Omit the pictures and output every entry below exactly as written.

- **Task material**
※

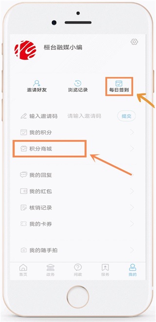攒积分步骤:下载安装i桓台APP→“我的”→注册登录→“每日签到”完成每日积分任务
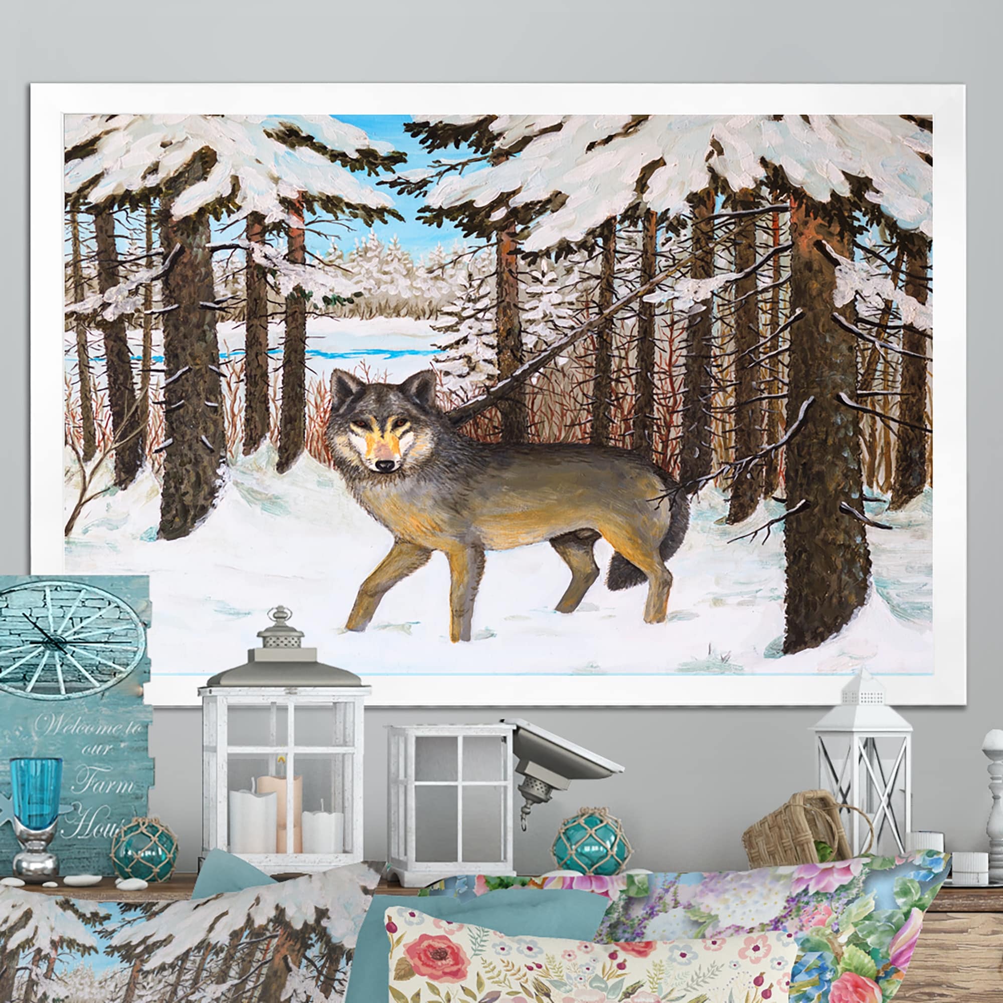 Designart "Wild Life Wolf Painting" Traditional Framed Wall Decor
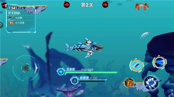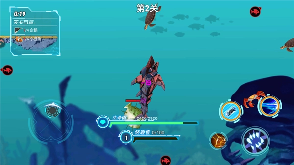 6、你可以移动通过咬键吃其它海洋生物,不要碰到有毒生物会损失血量;
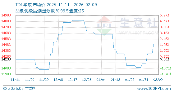 2月9日,生意社TDI基準(zhǔn)價為14500.00元/噸,與本月初(14166.67元/噸)相比,上漲了2.35%。
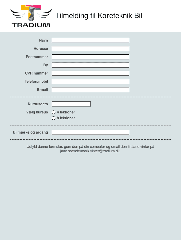 Til melding til K rethink BIL. Navy Address. Outnumber By. CPR number Telephone/Mobil. E-mail Kursusdato. V lg cursus 4 mentioned. 8 mentioned Film rue OG gangs
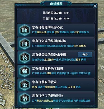 接下来我们就可以按照给予的提示来提升自己的功力值了
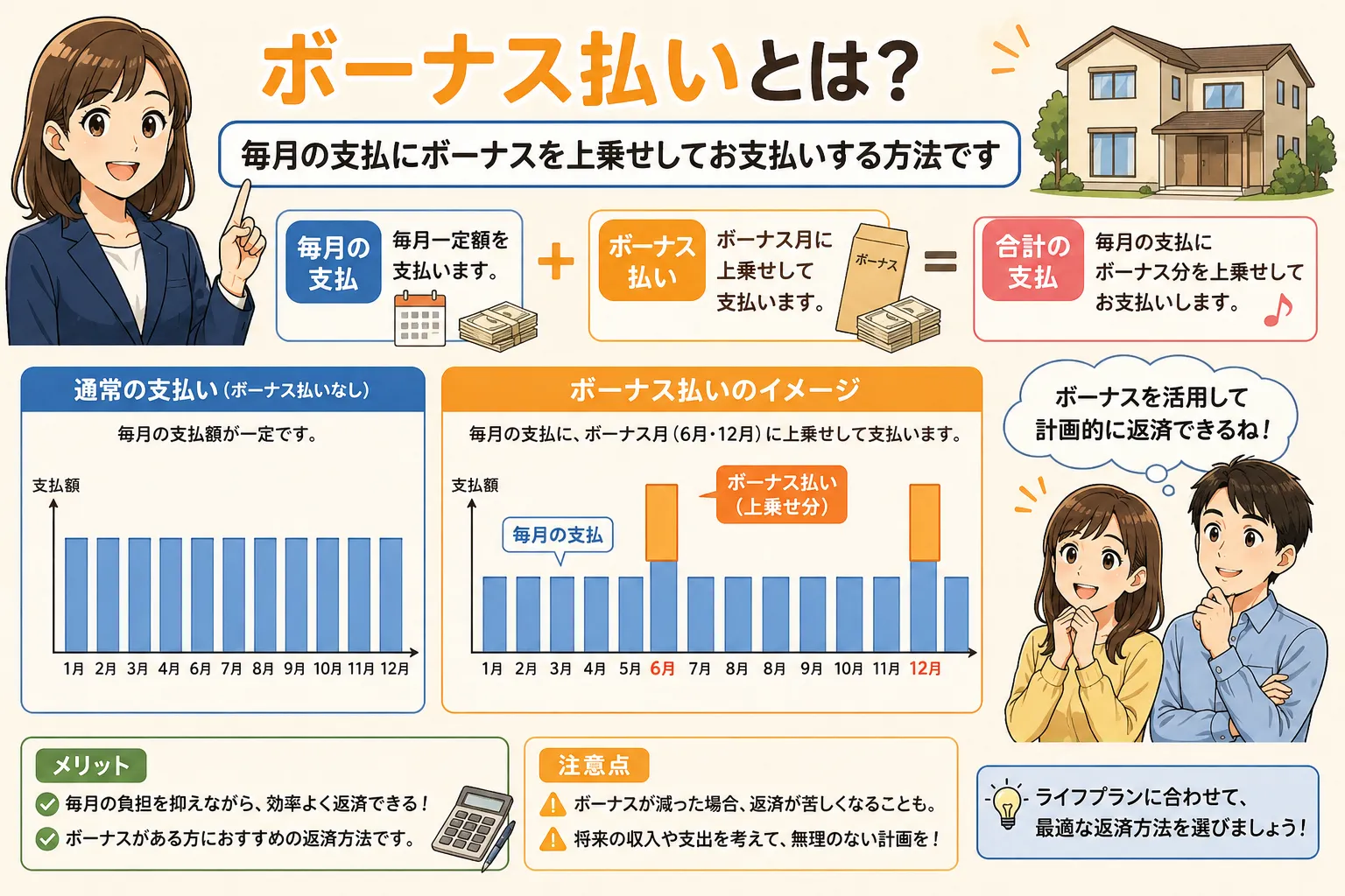 ボーナス払いについての理解は、特に住宅ローンや大きな買い物を検討する際に非常に重要です。多くの人が「ボーナス時に一度だけ一定の金額を支払えば良い」と考えるかもしれませんが、実際にはボーナス払いとはボーナスの時期に通常の月々の返済額に上乗せして支払いを増やす方法です。このような誤解を避けるためには、ボーナス払いの仕組みを正確に理解しておくことが不可欠です。
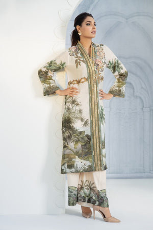 Effortlessly chic and comfortable straight shirt silhouette beautiful floral modern print on cotton silk fabric vintage floral velvet print appliqued on the galla enhanced with resham thread antique gold resham and sequin handmade lace on the galla. Can be paired with gorgeous printed pants as shown in the picture. Best for summer wear, collage wear, brunches and hi-teas.
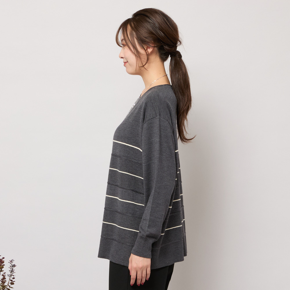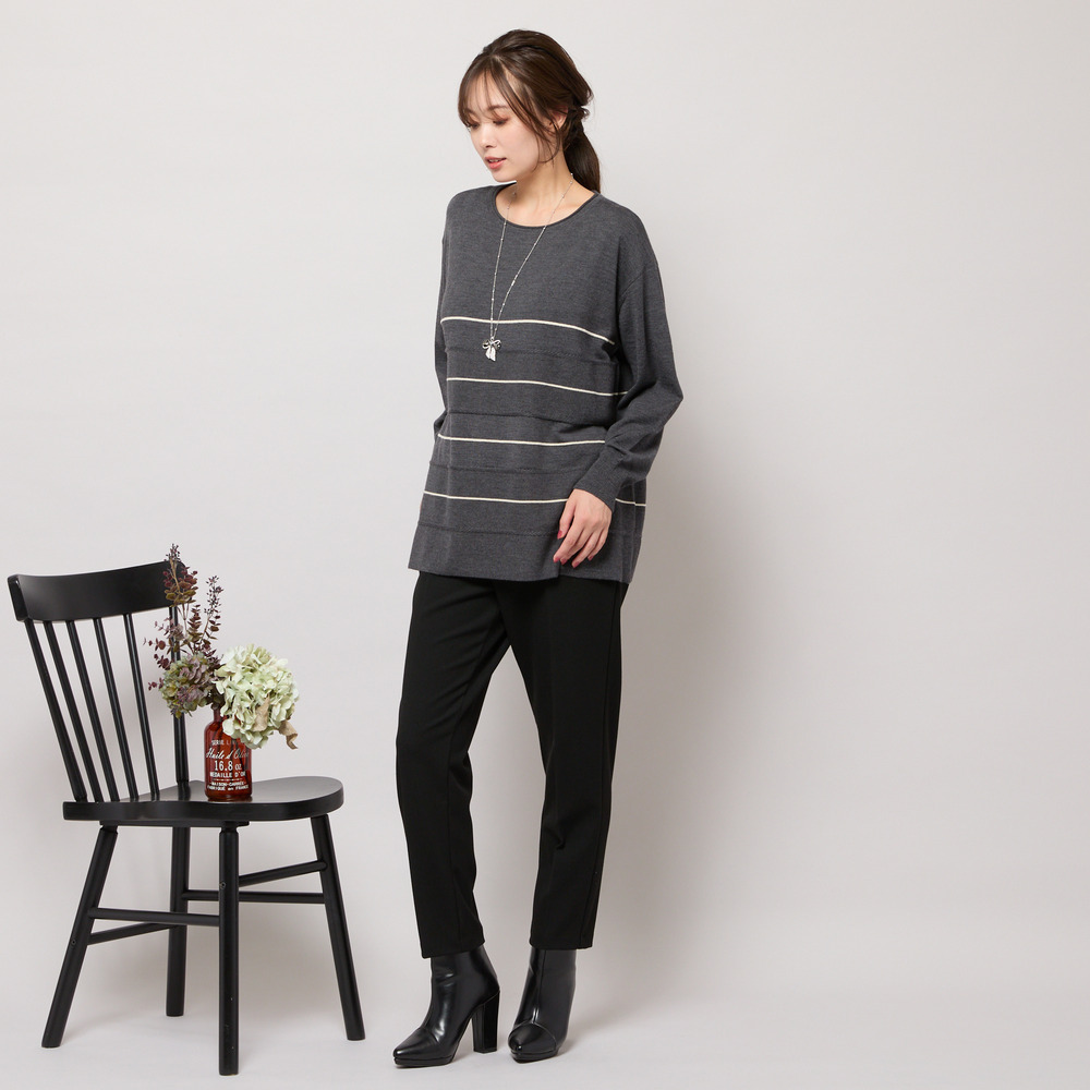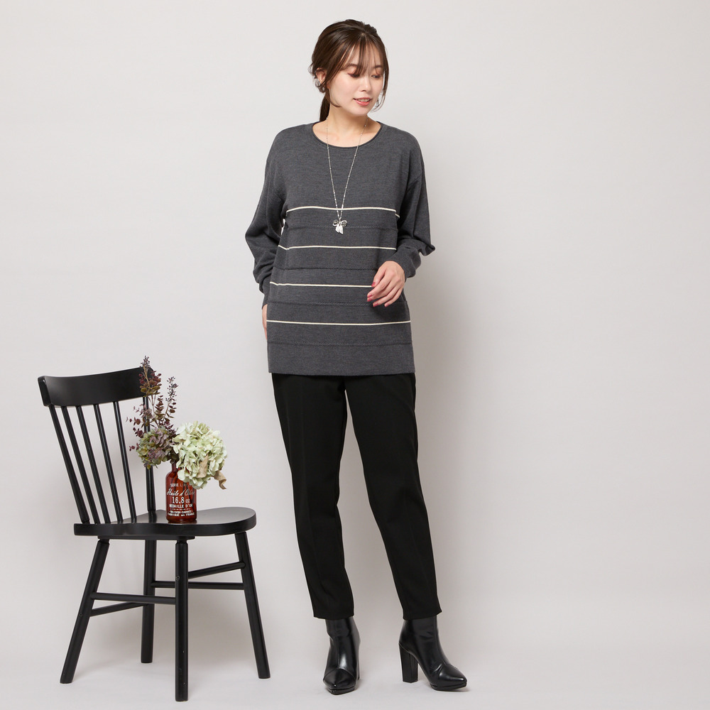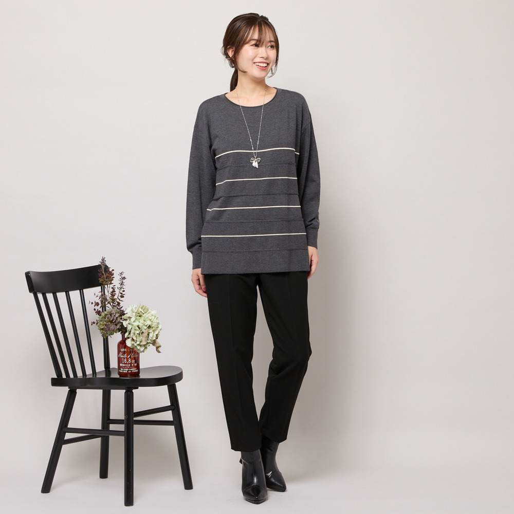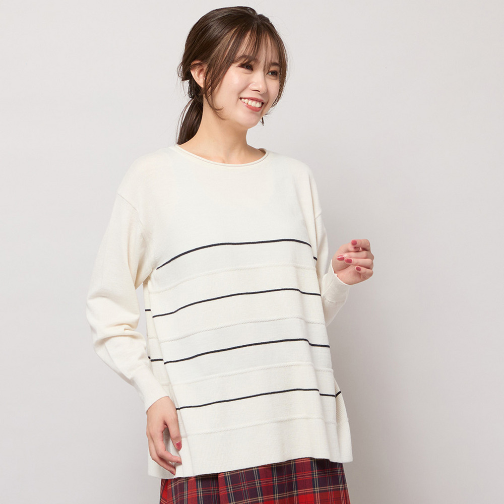 ■バイカラーのボーダー柄でバランス良く見せてくれるニットトップ■

※

- **Result of the exercise**
攒积分步骤:下载安装i桓台APP→“我的”→注册登录→“每日签到”完成每日积分任务
 Designart "Wild Life Wolf Painting" Traditional Framed Wall Decor
 6、你可以移动通过咬键吃其它海洋生物,不要碰到有毒生物会损失血量;
 2月9日,生意社TDI基準(zhǔn)價為14500.00元/噸,與本月初(14166.67元/噸)相比,上漲了2.35%。
 Til melding til K rethink BIL. Navy Address. Outnumber By. CPR number Telephone/Mobil. E-mail Kursusdato. V lg cursus 4 mentioned. 8 mentioned Film rue OG gangs
 接下来我们就可以按照给予的提示来提升自己的功力值了
 ボーナス払いについての理解は、特に住宅ローンや大きな買い物を検討する際に非常に重要です。多くの人が「ボーナス時に一度だけ一定の金額を支払えば良い」と考えるかもしれませんが、実際にはボーナス払いとはボーナスの時期に通常の月々の返済額に上乗せして支払いを増やす方法です。このような誤解を避けるためには、ボーナス払いの仕組みを正確に理解しておくことが不可欠です。
 Effortlessly chic and comfortable straight shirt silhouette beautiful floral modern print on cotton silk fabric vintage floral velvet print appliqued on the galla enhanced with resham thread antique gold resham and sequin handmade lace on the galla. Can be paired with gorgeous printed pants as shown in the picture. Best for summer wear, collage wear, brunches and hi-teas.
 ■バイカラーのボーダー柄でバランス良く見せてくれるニットトップ■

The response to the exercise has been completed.